George Mason University glitch is a glimpse of the scale of ID calamity the UK faces

Something bad happened at George Mason University, according to News.com . But when it happens in the UK it will be about 1000 times worse.

The University lost 30,000 names, photos and social security numbers of its students with ID cards to hackers. Kim Cameron says this reinforces the rule that as identity systems aggregate information, they aggregate risk.

Similar incidents happened to Georgia Institute of Technology (57,000 people) and the University of Texas at Austin (55,000), and last year, more than 1 million California residents had their personal information leaked thanks to a pair of incidents at UCLA and the University of California at Berkeley, Kim reports.

The sickening logic is that these ill-conceived university ID systems make appealing targets for identity thieves, and that a compulsory UK ID system will be far more appealing still.

Just how much risk do we want to aggregate here?
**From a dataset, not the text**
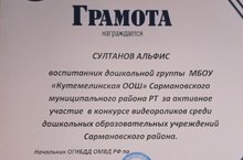 Мәктәпкәчә төркемдә тәрбияләнүче Солтанов Әлфис юл йөрү кагыйдәләре буенча үткәрелгән видеоролик конкурсында катнашып грамота белән бүләкләнде. Аңа алга таба да уңышлар теләп калабыз.

Pretty much all of it, it would seem.

Kim also points us to Jamie Lewis, and to Johannes Ernst’s blog which checks LID’s conformance to Kim’s laws of identity.

Tell your MP! Please - someone tell Parliamentary Office of Science & Technology! Ian - tell Alan Milburn, Patricia Hewitt or whoever gets things done! We’re only now working out the rules. There seem to be better ways to do this. Let’s evaluate them before Parliament votes and sets in inexorable motion a really problematic ID system.